Construit comme une enquête policière à rebours, le film alterne passé et présent dans un huit clos ou la folie côtoie sans cesse les griffes de la nuit. Qu’est-ce qui est vrai, faux ? La notion d’équilibre mental des deux héros, le frère et la sœur ayant réussi à survivre aux meurtres de leurs parents, ne cesse de mettre à mal la raison du spectateur. Cauchemar éveillé digne d’un Freddy, le récit prend un malin plaisir à se jouer de ce que l’on croit voir ou entendre dans l’enceinte de cette maison. Beaucoup d’autres réalisateurs ont fait le pari avant Mike Flanagan de mettre à l’épreuve des héros dans une maison se retournant contre eux. Robert Wise avec la maison du diable reste le chef d’orchestre du lot. Mike Flanagan s’en sort avec certains honneurs. Nous sommes loin d’un Paranormal Activity, pas trop de cheap scare au palmarès. Mike Flanagan au contraire s’amuse à se jouer d’un budget qu’on imagine serré en reposant les bases de son histoire sur le talent d’actrice de Karen Gillan. Pierre centrale du film et sœur au grand cœur prête à tout pour aider son frère et elle-même au passage, elle porte le film à bout de bras. L’aidant parfois à passer au travers de montagnes d’incohérences.

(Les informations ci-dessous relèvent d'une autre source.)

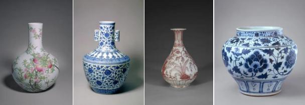 还有很多其他陶瓷瓶,像粉彩蟠桃纹天球瓶、缠枝莲纹贯耳瓶、釉里红松竹梅纹玉壶春瓶、景德镇窑青花缠枝牡丹纹罐、青花双耳葫芦式扁瓶......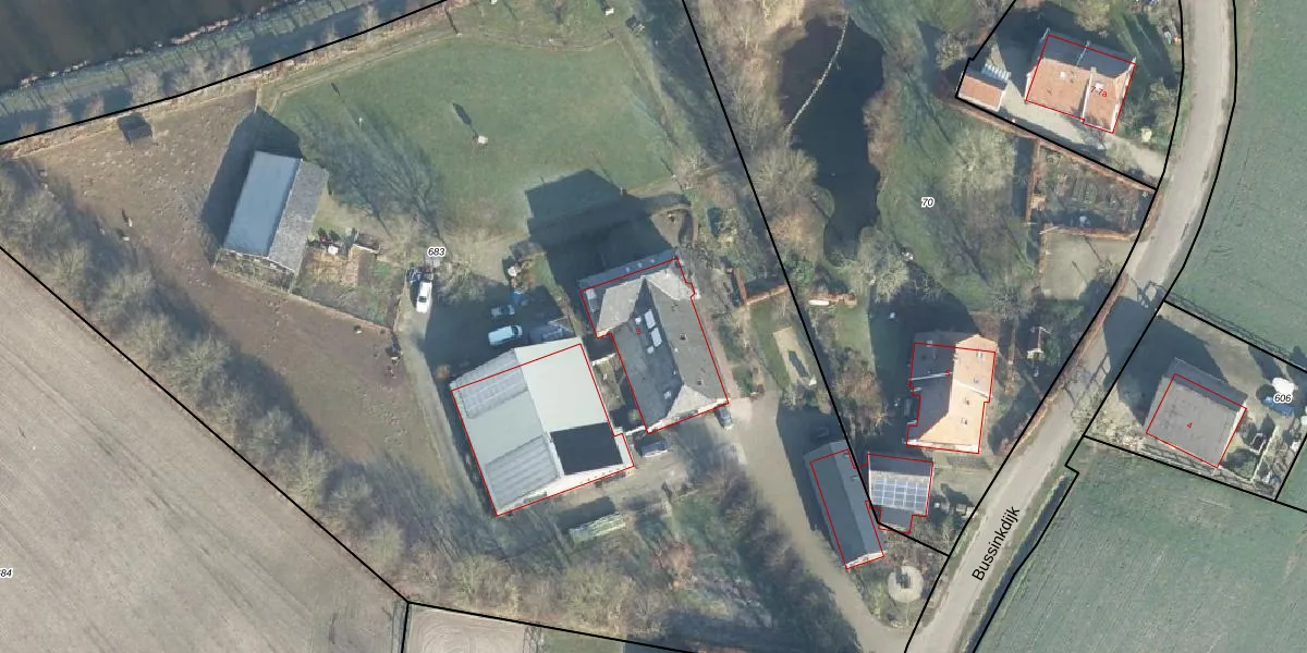 Het perceel waarop Bussinkdijk 3 staat heeft een oppervlakte van 9665 m². Dit is een zeer groot perceel. De perceeloppervlakte wordt geregistreerd door het Kadaster. Gedetailleerde informatie over de maten van dit perceel kunt u vinden in het rapport Kadastrale kaart met maatvoering van Bussinkdijk 3.

Pris au piège de ses ambitions et d’une histoire au final un peu trop simpliste, le film peut par certains aspects s’avérer être un mélange bâtard d’Insidious et Sinister. Faire peur en y ajoutant du fond est une bonne chose, mais ne pas oublier d’y mettre du rythme en est une autre encore plus intéressante. Se heurtant de plein fouet à ce problème, le film se voit dans l’obligation de finir son dernier acte de façon très/ trop rapide. Se rattrapant aux branches en jouant la carte de la facilité sur le final. Le potentiel que le film laisse entrapercevoir dans ses débuts s’avère assez vite n’être qu’un écran de fumée se dressant devant les yeux du spectateur. Une bonne actrice ne peut sauver un film dans son intégralité. Ambitieux dans son intention de départ avec la narration en flash-back, Oculus se retrouve assez vite pris au piège de cette dernière. Mike Flanagan ne sachant pas forcément insuffler dans l’histoire ce je ne sais quoi de personnel qui différencierait son approche de la terreur de toutes celles vues auparavant. Ce n’est jamais le cas et au final Oculus finit son existence en étant un sympathique film d’horreur light n’allant jamais forcément au fond de son potentiel. Dommage.